July 2024

These features and Databricks platform improvements were released in July 2024.

Note

Releases are staged. Your Databricks account might not be updated until a week or more after the initial release date.

Increased limit for simultaneous tasks

July 31, 2024

The workspace limit for tasks running simultaneously has been raised to 2000. See Resource limits.

Embed and drag & drop images in notebooks

July 31, 2024

You can now display images in notebooks by embedding them directly in markdown cells. Drag and drop images from your desktop directly into markdown cells to automatically upload and display them. See Display images and Drag and drop images.

Command palette available in notebooks

July 31, 2024

You can now quickly perform actions in the notebook using the command palette. Press Cmd + Shift + P on MacOS or Ctrl + Shift + P on Windows while in a notebook to access frequently used actions. See Command palette.

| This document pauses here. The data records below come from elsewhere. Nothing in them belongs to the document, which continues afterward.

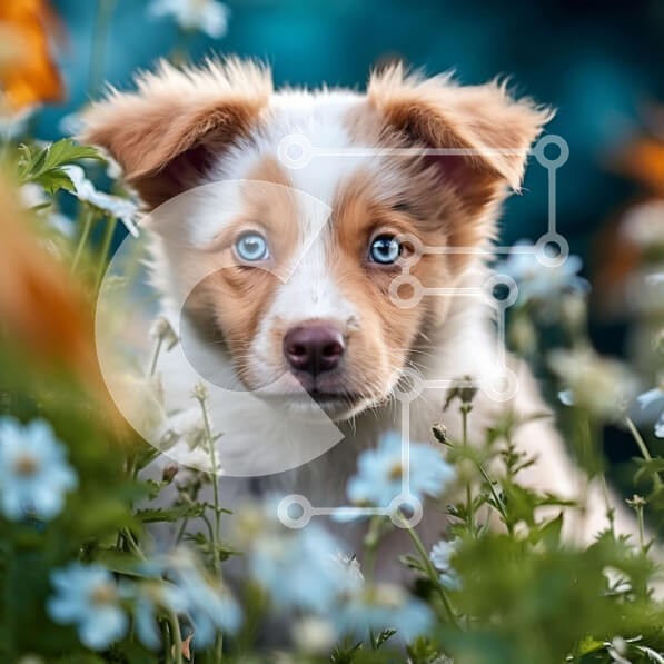 Υπάρχει δυνατότητα προσωποποίησης με δική σας φωτογραφία και προσαρμογής διαστάσεων κατόπιν παραγγελίας. Το συγεκεριμενο Puzzle 10x10 cm – 25 κομμ παρουσιαζει Αυτή η εικόνα παρουσιάζει ένα καφέ και άσπρο κουτάβι με μπλε μάτια που κάθεται ανάμεσα σε μπλε και λευκά λουλούδια σε έναν κήπο. Το κουτάβι έχει μια χνουδωτή ουρά και κοιτάζει απευθείας την κάμερα με μια περίεργη έκφραση. Τα λουλούδια στο βά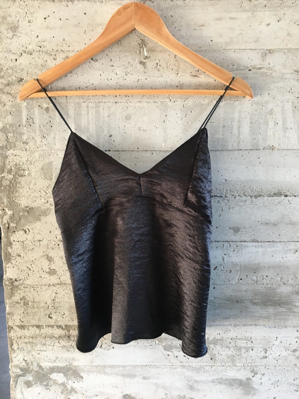 Musculosa de satén con bretel expandible, con escote en V y elástico en espalda.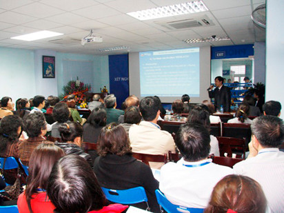 | Hội thảo thu hút sự chú ý lắng nghe và tham gia thảo luận của các Giáo sư và bác sỹ sản khoa. |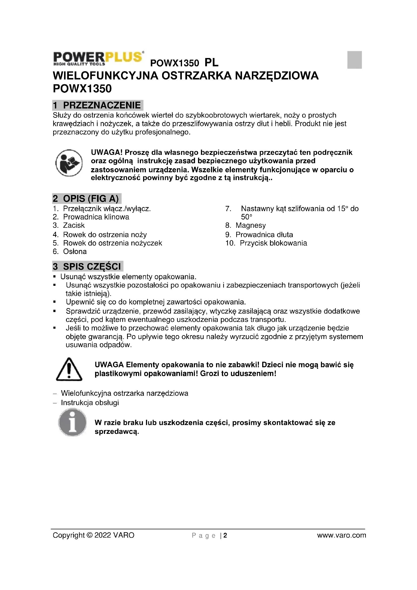 - Jako dowód zakupu należy zachować rachunek.POWX1350 PL Copyright © 2022 VARO P a g e | 9 www.varo.com

Workflow system schema renamed to lakeflow

July 31, 2024

The workflow schema is being updated to lakeflow. We recommend that you switch to lakeflow as it will include all the current tables plus new ones in the future, like pipelines. Customers must opt-in to the lakeflow schema to make it visible in their metastore. See Jobs system table reference.

LakeFlow Connect (gated Public Preview)

July 31, 2024

LakeFlow Connect offers native connectors that enable you to ingest data from databases and enterprise applications and load it into Databricks. LakeFlow Connect leverages efficient incremental reads and writes to make data ingestion faster, scalable, and more cost-efficient, while your data remains fresh for downstream consumption.

Salesforce Sales Cloud, Microsoft Azure SQL Database, Amazon RDS for SQL Server, and Workday are currently supported. See LakeFlow Connect.

Support for Cloudflare R2 storage is GA

July 30, 2024

The ability to use Cloudflare R2 as cloud storage for data registered in Unity Catalog is now generally available. Cloudflare R2 is intended primarily for Delta Sharing use cases in which you want to avoid the data egress fees charged by cloud providers when data crosses regions. R2 storage supports all of the Databricks data and AI assets supported in AWS S3, Azure Data Lake Storage Gen2, and Google Cloud Storage. Support for R2 requires a SQL Warehouse or Databricks Runtime 14.3 or above. See Use Cloudflare R2 replicas or migrate storage to R2 and Create a storage credential for connecting to Cloudflare R2.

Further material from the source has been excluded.